Chandigarh, November 2
The Punjab police has been contacted by the Delhi police to seek details on various organisations of militants which could be linked to the recent Delhi blasts .

Even though no direct link has been found between the blasts and militant organisations in Punjab, the Punjab police today held a high-level review meeting to collate the inputs gathered by the intelligence agencies.

The idea is to see if any of the militant groups based in Pakistan and Jammu and Kashmir, which are suspected to be behind the Delhi blasts, had a Punjab connection.

Under the scanner are former Punjab militants who, in the past, had carried out similar blasts in public places to create panic.
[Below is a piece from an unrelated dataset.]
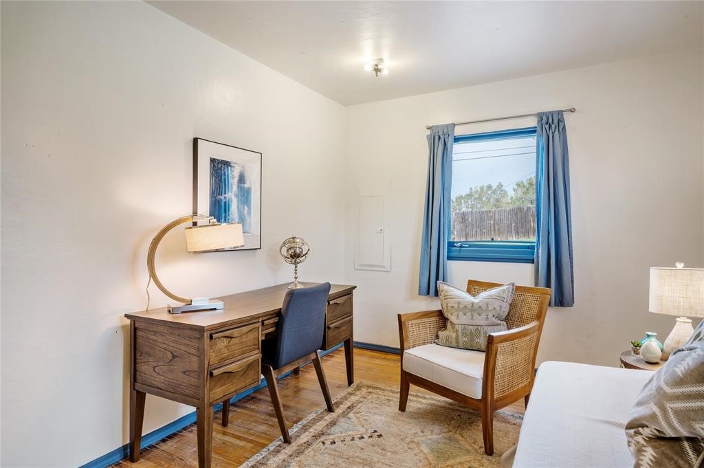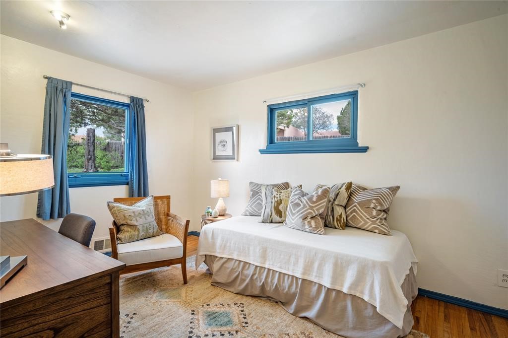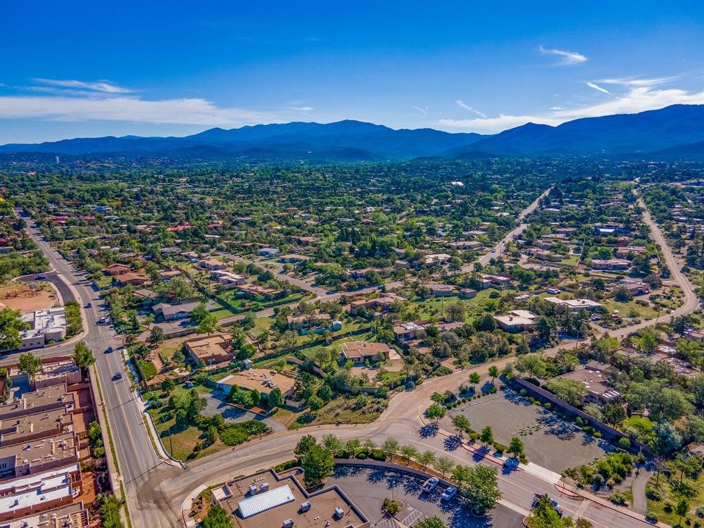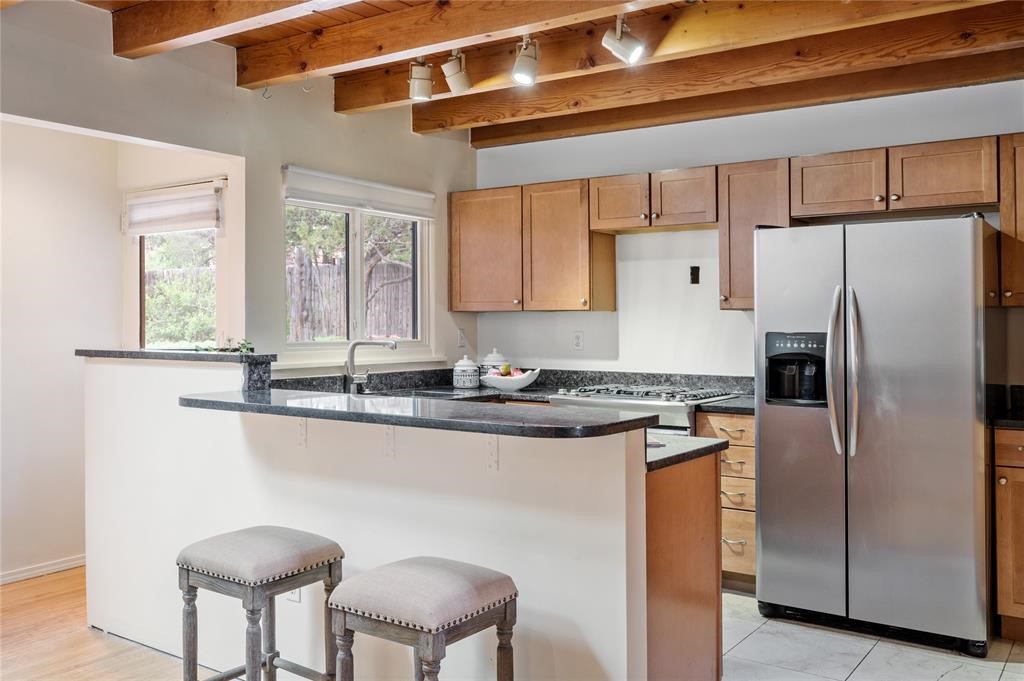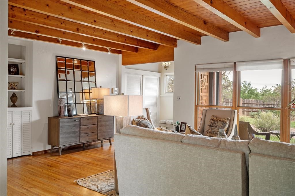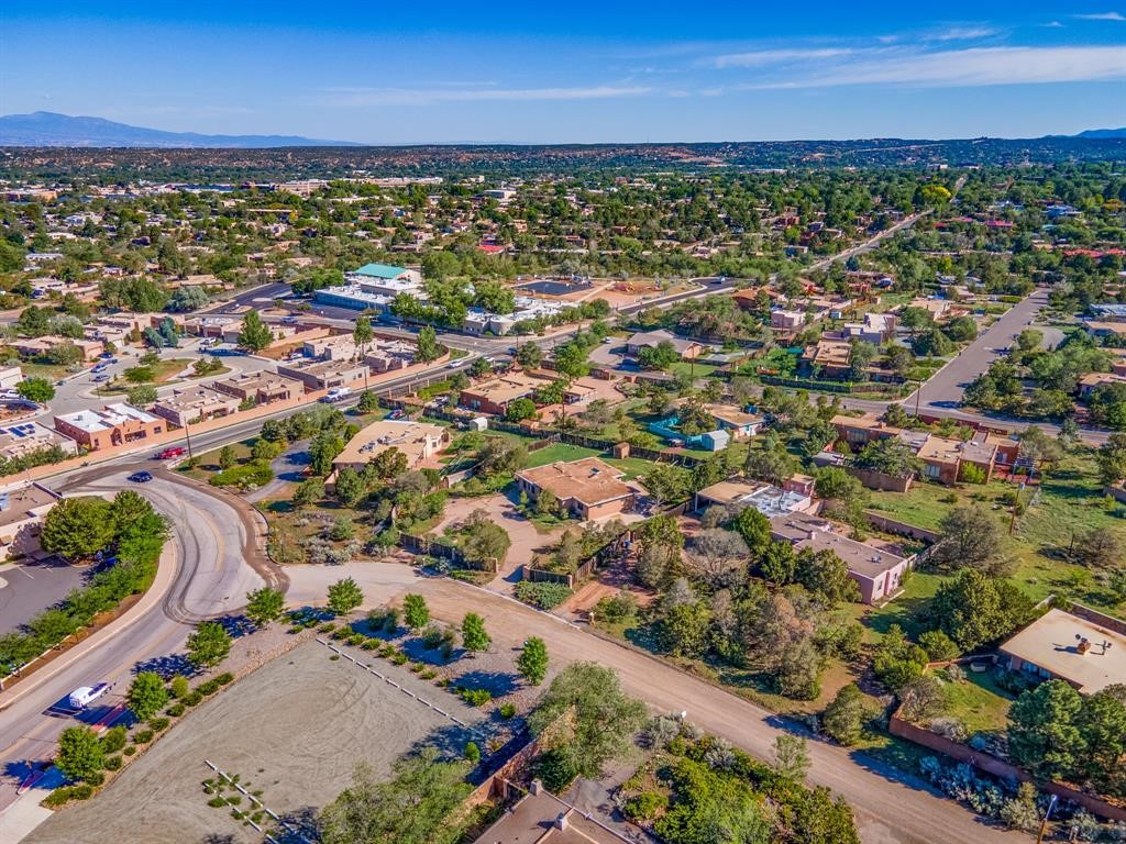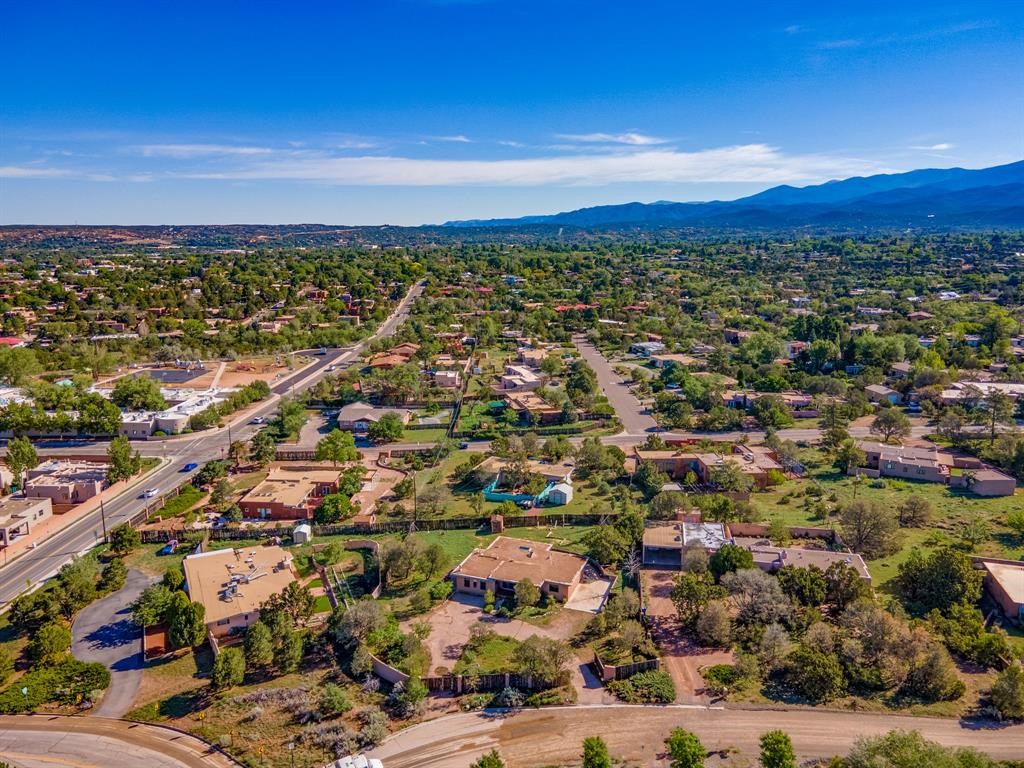 2,000 SF Mid-century Stamm home on .5 acre just south of South Capital. Close to schools,hospital, parks, and hiking. 3 Bedrooms, 2.5 Baths with a large second living area/den or possible fourth bedroom. A charming south-facing front patio welcomes you into the home. Walk through the entryway into a light-filled living room with exposed beams and original oak hardwood floors. The open floorplan is inviting, with the living room opening into a dining area and a beautifully updated kitchen with dining bar and granite counter tops. Skylight in the kitchen and dinning area lets in natural light. Excellent separation of bedrooms with the master and den at one end of the house and the two other bedrooms at the other. Double sinks and slate shower in the master bath. From the master bedroom, full-length glass doors lead outside and offer Jemez mountain views. Interior steps lead into the large and light-filled office or den, which boasts a Kiva fireplace and glass doors leading to a small shaded patio. Dedicated laundry room with utility sink. The concrete pad to the east of the house is perfect for RV/toys parking or possible basketball practice zone. Paved circular driveway and large yard with lots of room to garden or add-on. Several pinon trees in the front of the house. Backyard is a blank slate with views of the Jemez. Roof was redone in 2022 and is under transferable warranty. Aerial photos showing property location were taken before roof re-do.

For a long time the security agencies have known that Punjab militants had coordinated with Jammu and Kashmir-based militant activities.

The Punjab police has been asked by the Delhi police to explore the angle of the Babbar Khalsa International’s involvement in the recent blasts. The chief of the BKI, Jagtar Singh Hawara, was arrested by the Delhi police in June after his group engineered two blasts in a cinema house in Delhi.

Sources in the Punjab police said it would be difficult to link the blasts to one particular group as militants were now changing strategies. The BKI had changed its strategy and was now reportedly recruiting young boys who had nothing to do with the ideology of "Khalistan".

Senior police officers were silent over the developments but confirmed that they were coordinating with the Delhi police.

Whenever there is a blast in the neighbouring states, the Punjab police is called in as a matter a routine for coordination.